##### PROVIDED RECORDS #####

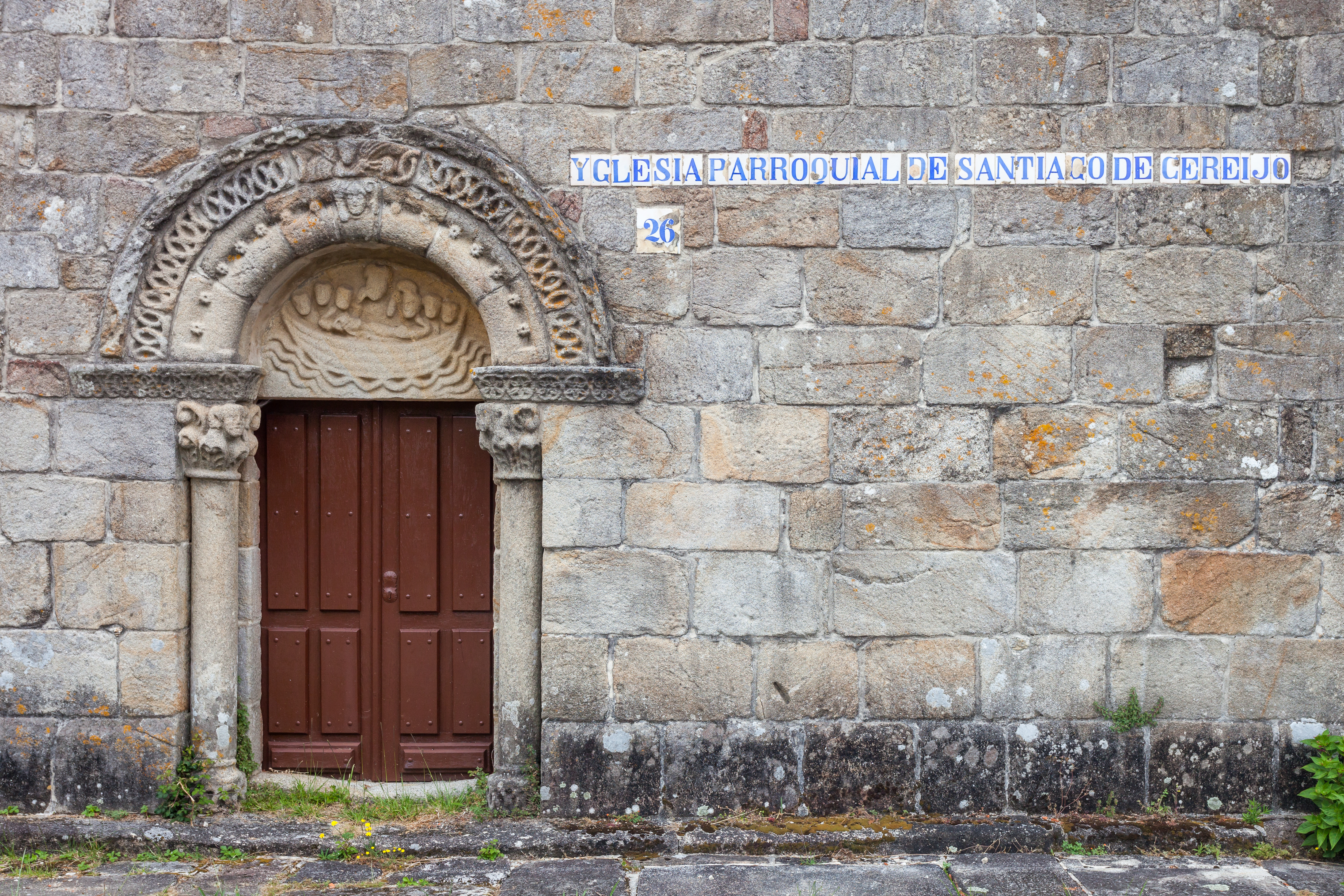 Portal of the church of Santiago de Cereixo, Vimianzo, Galicia (Spain).
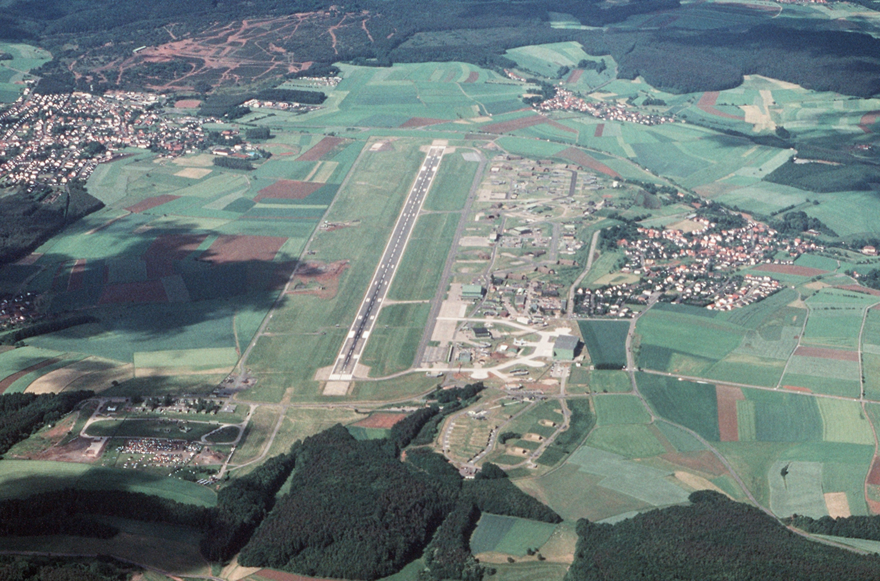 An aerial view of the U.S. Air Force Sembach Air Base, Rheinland-Pfalz, Germany. Note: In the official description, the air base is wrongly identified as Spangdahlem Air Base. Check the satellite photo to see that Sembach has not changed much since the 1980s. Easiest to identify is the large hangar.
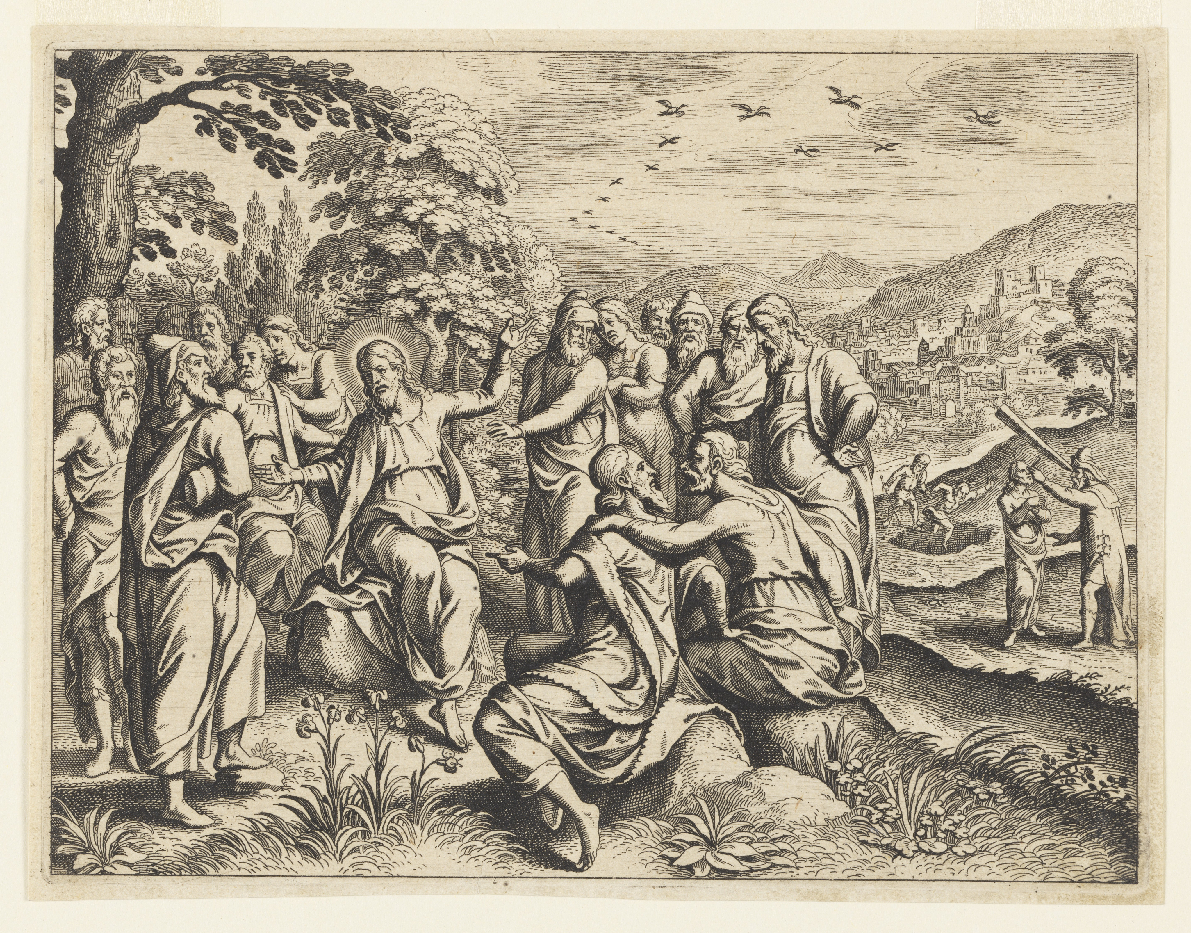 Scene depicting the figure of Jesus Christ sharing his moral teachings with others. Christ sits in the foreground at left upon a rock, a radiating halo surrounding his head, his arms raised in open gestures to those around him, and his gaze aimed at the figure to the left. He is surrounded by a crowd of men who listen to his teachings and discuss amongst themselves. Behind the group is a forest of leafy trees. To the right, indications of a valley with additional figures in conversation. A city on a hill in the background, with mountains in the distance. A flock of birds flies through the cloudy sky at upper right. Composition contained within rectangular framing line.
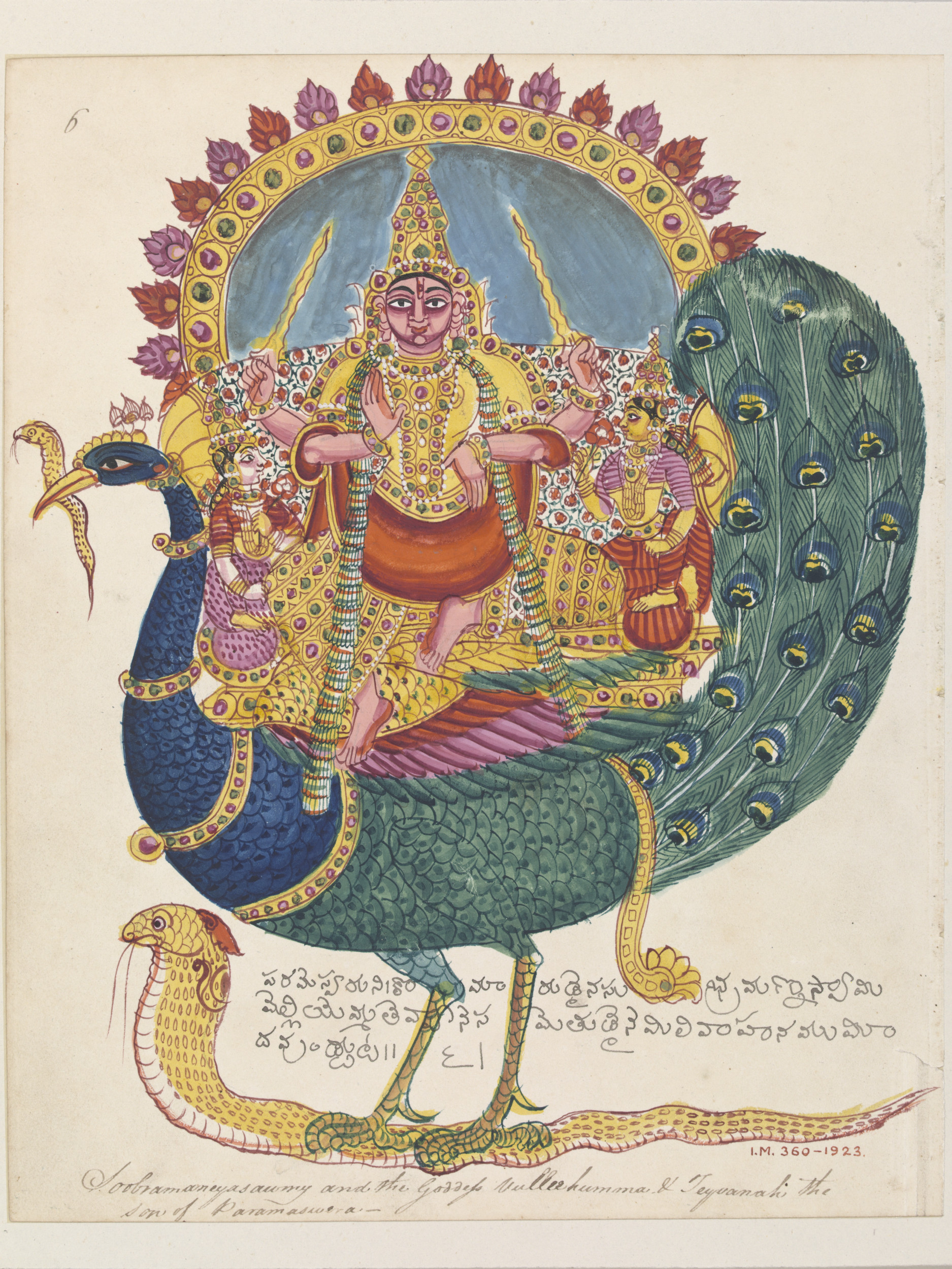 The pictures made by Indian artists for the British in India are called Company paintings. This example is from a collection of 100 such paintings. They show Hindu deities and their vehicles, the Guardians of the Quarters, the avataras (incarnations) of Vishnu, and the story of Krishna. The subject matter is unusual one for Company Paintings, which generally showed more popular themes such as occupations and costume. An Englishman with scholarly interests must have commissioned this one.
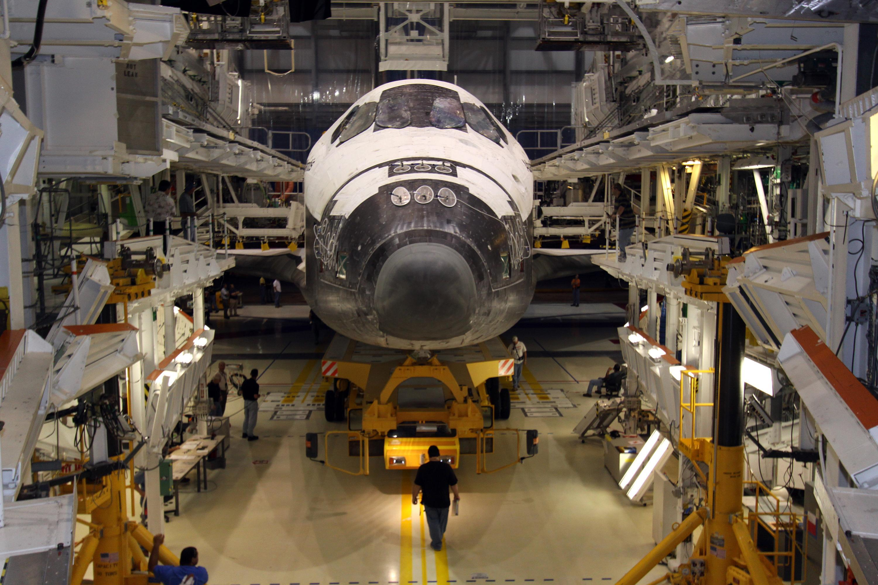 In the Kennedy Space Centre's Orbiter Processing Facility-1 in Florida, workers prepared space shuttle Atlantis to move from its hangar to the transfer aisle inside the nearby Vehicle Assembly Building. Subsequently, the shuttle was rolled to the launch pad in anticipation of its launch on the STS-129 mission to the International Space Station.

#####

Copy exactly, and only, the lines from the first entry through the line holding "Scene depicting the", both ends included, leaving out every picture.

(TASK ANSWER):
 Portal of the church of Santiago de Cereixo, Vimianzo, Galicia (Spain).
 An aerial view of the U.S. Air Force Sembach Air Base, Rheinland-Pfalz, Germany. Note: In the official description, the air base is wrongly identified as Spangdahlem Air Base. Check the satellite photo to see that Sembach has not changed much since the 1980s. Easiest to identify is the large hangar.
 Scene depicting the figure of Jesus Christ sharing his moral teachings with others. Christ sits in the foreground at left upon a rock, a radiating halo surrounding his head, his arms raised in open gestures to those around him, and his gaze aimed at the figure to the left. He is surrounded by a crowd of men who listen to his teachings and discuss amongst themselves. Behind the group is a forest of leafy trees. To the right, indications of a valley with additional figures in conversation. A city on a hill in the background, with mountains in the distance. A flock of birds flies through the cloudy sky at upper right. Composition contained within rectangular framing line.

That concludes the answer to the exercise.